Scientists have created the world’s largest digital sky survey, a mammoth compendium of 3 billion stars, galaxies, and other objects in the universe.
The catalog was put together using the Panoramic Survey Telescope & Rapid Response System (Pan-STARRS) observatory on the island of Maui in Hawaii, with 10 different research institutions taking part in the collaboration.
The survey looked at three-quarters of the visible night sky 12 times over four years, using five different filters to see as much as possible. In total, it collected 2 petabytes of data (1 petabyte is 1,000 terabytes). And the amount of objects observed is huge. It includes essentially every object to a distance of 300 light-years from us, such as 4 million Jupiter-like exoplanets, in addition to billions of stars and galaxies.
Taking 12 different sets of data also let scientists see variabilities in the sky, piecing together a 3D view.
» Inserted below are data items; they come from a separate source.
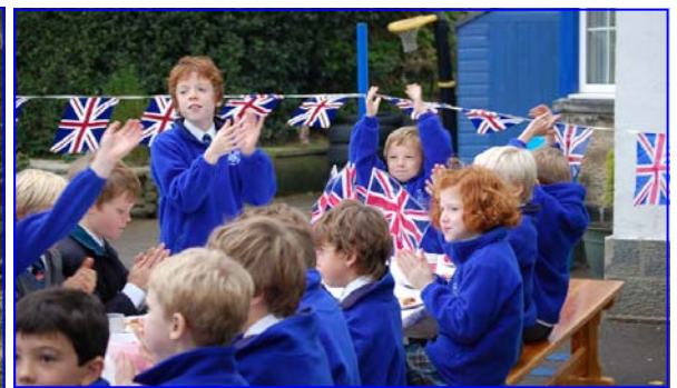
Former pupils launch the Jubilee Year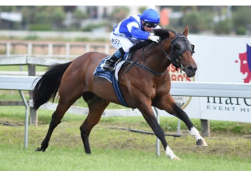
Cut Me Loose (NZ) (Swiss Ace)

His half-brother (Lot 469) by Ocean Park will be offered by Haunui Farm at the Book 1 Sale at Karaka on January 28.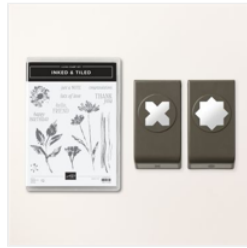
Inked & Tiled Bundle (English) - 161168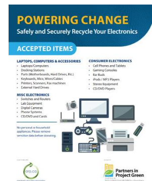
FIGURE 5 ACCEPTED E-WASTE ITEMS POSTER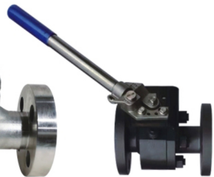
Auto-reset Handle Ball Valve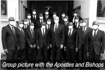
Group picture with the Apostles and Bishops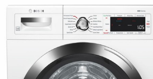
800 Series with Home Connect™ WAW285H2UC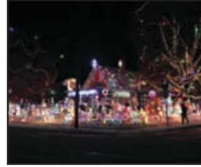
The Smith Family 1244 Broadway Street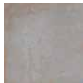
Grey* 5.5" x 5.5" Sq. Ft.: $13.39 SF - Pc.: $2.74 + Freight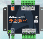
PRO-NBF-1 Type Approved NMEA 0183 Buffer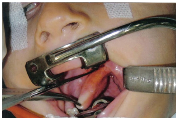
Fig. 1 A pedunculated mass originating from the supratonsillar fossa and posterior tonsillar fold.

There is still a debate regarding the etiology of dermoids and HP. There are basically three theories to explain the pathogenesis. According to the totipotential rest theory, DCs (dermoid cysts) arise from totipotent cells derived from ectodermal and mesodermal germinal layers. The congenital inclusion theory proposes inclusion of germinal layers into deeper tissues of fusion lines that have failed to undergo complete closure during embryonic life, leading to trapping of epithelial debris. Acquired implantation theory indicates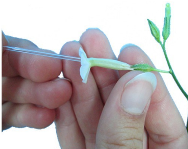
Figure 1. Floral nectar collection with a glass capillary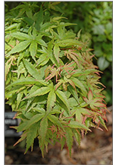
Sharp's Pygmy Japanese Maple foliage

The immense dataset also includes supernova remnants, white dwarfs, brown dwarfs, and more.
The data is being released in two batches. The first, called “Static Sky” and released today (you can check it out online here), is an average map of the sky from all 12 scans. The second batch will be released next year, with data from each individual scan.
According to a statement from the Max Planck Institute, one of the project’s collaborators, this entire amount of data collected is amusingly equivalent to “40 million four-drawer filing cabinets filled with single-spaced text.” That’s also 100 times the total content of Wikipedia.
The Pan-STARRS1 Observatory. R. Ratkowski
The goal of the survey is to give people access to an immense directory of stars and galaxies. Millions of images can be used by astrophysicists to study the universe from the survey.
“Pan-STARRS has made discoveries from near-Earth objects and Kuiper belt objects in the Solar System to lonely planets between the stars,” Dr Ken Chambers, Director of the Pan-STARRS Observatories, said in a statement. “It has mapped the dust in three dimensions in our galaxy and found new streams of stars; and it has found new kinds of exploding stars and distant quasars in the early universe.”
Among the other objects observed, the survey also looked for moving objects, such as asteroids that could one day threaten Earth. In fact, it found 19 new asteroids in just one night, a new record, and also a new comet during a separate observation.
If you've got some time to kill, we'd definitely recommend checking it out. It's pretty fun to browse across the cosmos.